TERRELL'S TUNEUP: Stayin' Revived

A version of this was published in The Santa Fe New Mexican
April 8, 2011


No, it wasn’t just a fad. The most recent “soul revival” began erupting some time after the beginning of the new century. As I’ve said before, at any given time in the past few decades there has probably always been some kind of soul music revival going on somewhere.

And as far as I’m concerned, that’s a good thing.

Sharon Jones has come as close to mainstream success as any independent artist can achieve these days. She and her label mates at Daptone Records keep cranking out exciting music. Bettye LaVette is now getting the recognition she deserved in the late ’60s.

Meanwhile, the likes of Lee Fields, Charles Walker and The Dynamites, Wiley and The Checkmates, J.C. Brooks and The Uptown Sound, and The Diplomats of Solid Sound — not to mention soul crazies like King Khan and The Shrines — roam the planet.

The cool thing, especially with some of the younger warriors in this movement (if you can call it that), is that the best of them aren’t out to merely re-create those glorious Stax/Volt days of yore. You’ll hear the energy of punk rock, the rawness of gutbucket blues, and all sorts of stray influences that keep the sound vital and refreshing.

Here are some recent rock ’n’ soul-drenched CDs that have had me in a cold sweat lately:

* Scandalous by Black Joe Lewis & The Honeybears. This highly anticipated album by the Austin band is the follow-up to the group’s acclaimed 2009 debut, Tell ’Em What Your Name Is. In a recent interview with The Boston Globe, the producer of the album, Jim Eno (also the drummer of Spoon), said he consciously emphasized The Honeybears’ punk influence.

Indeed, several songs sound more like hard rock than sweet soul. “Jesus Took My Hand,” for instance, sounds less like gospel than Black Keys-style minimalist blues-rock. The same is true with “You Been Lyin’,” on which Lewis is backed by a Dallas gospel group called The Relatives.
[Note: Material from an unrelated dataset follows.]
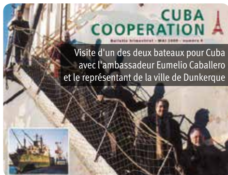
Visite d'un des deux bateaux pour Cuba avec l'ambassadeur Eumelio Caballero et le représentant de la ville de Dunkerque

Les besoins étaient énormes dans tous les domaines. Nous voulions contrer le blocus, expliquer en France ses nuisances catastrophiques et rassembler tout ce qui pouvait être offert à Cuba.

“The Ballad of Jimmy Tanks,” dominated by the guitars of Zach Ernst and Lewis, sounds like a pumped-up take on some long-lost, primal Junior Kimbrough song. And speaking of blues, it would appear that Lewis and the band had Mississippi in mind on the song “Messin’.” This one owes a lot to Elmore James and John Lee Hooker.

There is a cover song on the album — a passionate take on “Since I Met You Baby.” This song, written by Texas bluesman Ivory Joe Hunter, has been passed back and forth between blues, country, and rock artists for decades. Jerry Lee Lewis, B.B. King, Freddy Fender, Sam Cooke, and even Bobby Vee have taken their turn with this classic. The Honeybears do a slow, swaying take on the tune as Black Joe shouts the lyrics.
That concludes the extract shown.